• [Problem to work on]
Exactly retype the lines of the material from its first line to the line with "Double-breasted jacket in", including both.

**** Records shown ****

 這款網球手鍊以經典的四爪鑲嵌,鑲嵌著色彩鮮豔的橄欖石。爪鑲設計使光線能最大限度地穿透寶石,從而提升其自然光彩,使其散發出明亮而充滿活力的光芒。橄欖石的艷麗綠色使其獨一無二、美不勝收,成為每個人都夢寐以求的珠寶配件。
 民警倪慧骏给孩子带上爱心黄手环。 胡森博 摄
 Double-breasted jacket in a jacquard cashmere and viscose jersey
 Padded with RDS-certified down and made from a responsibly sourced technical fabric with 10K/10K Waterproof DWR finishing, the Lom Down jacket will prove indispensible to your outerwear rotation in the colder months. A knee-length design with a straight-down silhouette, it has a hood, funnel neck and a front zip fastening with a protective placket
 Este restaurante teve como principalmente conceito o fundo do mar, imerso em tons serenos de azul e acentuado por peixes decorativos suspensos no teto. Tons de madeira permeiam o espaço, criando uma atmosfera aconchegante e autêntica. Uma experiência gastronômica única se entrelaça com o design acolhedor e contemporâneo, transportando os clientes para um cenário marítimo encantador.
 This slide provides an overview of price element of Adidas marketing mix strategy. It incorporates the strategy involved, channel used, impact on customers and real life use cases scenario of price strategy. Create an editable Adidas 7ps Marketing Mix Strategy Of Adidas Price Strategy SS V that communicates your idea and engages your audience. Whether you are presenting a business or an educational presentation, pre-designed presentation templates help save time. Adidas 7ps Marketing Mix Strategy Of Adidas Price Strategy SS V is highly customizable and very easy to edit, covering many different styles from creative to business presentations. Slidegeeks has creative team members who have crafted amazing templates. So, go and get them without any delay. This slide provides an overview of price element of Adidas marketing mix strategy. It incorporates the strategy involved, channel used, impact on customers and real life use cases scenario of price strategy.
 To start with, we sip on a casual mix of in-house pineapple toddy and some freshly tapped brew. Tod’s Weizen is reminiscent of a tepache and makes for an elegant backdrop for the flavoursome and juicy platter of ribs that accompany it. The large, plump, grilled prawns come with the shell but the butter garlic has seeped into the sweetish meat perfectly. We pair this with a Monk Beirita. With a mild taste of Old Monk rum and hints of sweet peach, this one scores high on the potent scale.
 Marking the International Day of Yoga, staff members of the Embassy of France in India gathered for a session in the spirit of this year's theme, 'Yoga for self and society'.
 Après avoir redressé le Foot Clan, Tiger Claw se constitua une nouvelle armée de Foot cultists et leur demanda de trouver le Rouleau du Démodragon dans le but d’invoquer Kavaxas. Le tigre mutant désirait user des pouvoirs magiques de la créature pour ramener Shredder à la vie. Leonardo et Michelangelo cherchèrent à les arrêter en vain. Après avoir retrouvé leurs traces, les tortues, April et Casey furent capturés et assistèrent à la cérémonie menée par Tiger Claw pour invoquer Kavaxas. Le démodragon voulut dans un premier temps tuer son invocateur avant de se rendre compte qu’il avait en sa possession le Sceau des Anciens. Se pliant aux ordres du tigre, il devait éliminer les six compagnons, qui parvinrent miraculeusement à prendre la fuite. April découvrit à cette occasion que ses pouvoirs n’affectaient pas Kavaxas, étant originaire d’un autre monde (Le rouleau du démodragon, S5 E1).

****

• [Response to this exercise]
 這款網球手鍊以經典的四爪鑲嵌,鑲嵌著色彩鮮豔的橄欖石。爪鑲設計使光線能最大限度地穿透寶石,從而提升其自然光彩,使其散發出明亮而充滿活力的光芒。橄欖石的艷麗綠色使其獨一無二、美不勝收,成為每個人都夢寐以求的珠寶配件。
 民警倪慧骏给孩子带上爱心黄手环。 胡森博 摄
 Double-breasted jacket in a jacquard cashmere and viscose jersey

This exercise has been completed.